I’d rather be bad guy than an idiot, says Mercedes F1 boss
SOCHI, Russia (Reuters) – Mercedes F1 boss Toto Wolff defended his use of team orders to help Lewis Hamilton win the Russian Grand Prix on Sunday and said he would rather people thought he was unsporting than stupid.
The victory, with Finland’s Valtteri Bottas told to move aside for his British team mate at the halfway point, allowed Hamilton to stretch his championship lead over Ferrari’s Sebastian Vettel to 50 points with five races left.
There is now every chance of Hamilton wrapping up his fifth title with a race or two to spare.
“Somebody needs to be the baddie some times and it’s me today,” Wolff told reporters.
“You need to weigh it up; To be the baddie on Sunday evening, for many right reasons, or be the idiot in Abu Dhabi at the end of the season.
“I’d rather be the baddie today and not the idiot at the end of the year.”
Red Bull’s Max Verstappen was leading, but had yet to pit, with Bottas second and Hamilton third with a blistered rear tyre after overtaking Vettel.

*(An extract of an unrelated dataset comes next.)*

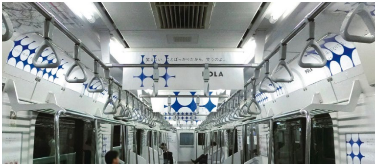
POLA Dots Train 広告掲出期間：2016年10月17日～2016年11月1日

尚、受賞作品は、8月22日～8月23日（10：00～17：30）、サピアタワー ステーションコンファレンス東京5Fにて展示されます。また、「交通広告グランプリ」公式サイト（ http://awards.jeki.co.jp/ ）内にてご覧いただけます。

Mercedes were concerned that Hamilton could be vulnerable to the Ferrari, and might even have to pit again if the tyre got any worse — as had been the case in Belgium.
Wolff said that was the rationale behind the order, with Bottas not a title contender, to defend the champion from the risk of being caught and losing points.
The Austrian recognised, however, that some might consider it an unsporting gesture to have deprived Bottas of his first win of the season after he had secured pole position.
“Rationally, it was the right call to do,” he said. “(But) Our sporting heart says no.
“At the end, if five points or three points are missing, then you are the biggest idiot on the planet by prioritising Valtteri’s single race result over the championship,” added Wolff.
The question of ‘team orders’, once banned in Formula One but now legal, was discussed before the race with multiple possible scenarios.
Wolff said he had also spent a sleepless night, mindful of the global controversy triggered when Ferrari ordered Brazilian Rubens Barrichello to cede the lead to team mate Michael Schumacher in Austria in 2002.
Barrichello did so at the final corner, with the crowd in uproar.
“I spent half the night yesterday thinking about the situation and thinking about Austria in 2002 and the implication for the brand. It’s a super-tough call to make,” said Wolff.
Sunday’s race ultimately drew significantly less ire, with Hamilton inviting Bottas to join him on the top step of the podium while recognising the victory felt somewhat hollow.
Wolff said Bottas understood the situation, even if he did not like it.
“What we discussed this morning was if he were in Lewis’s situation, would he expect the team to work for him? And the answer is clearly yes,” he said.
“So he understands that. But in his heart, and in the same way my heart and Lewis’s heart and all of our hearts, it just doesn’t feel right that he didn’t win the race because he was the guy on track and in the lead.”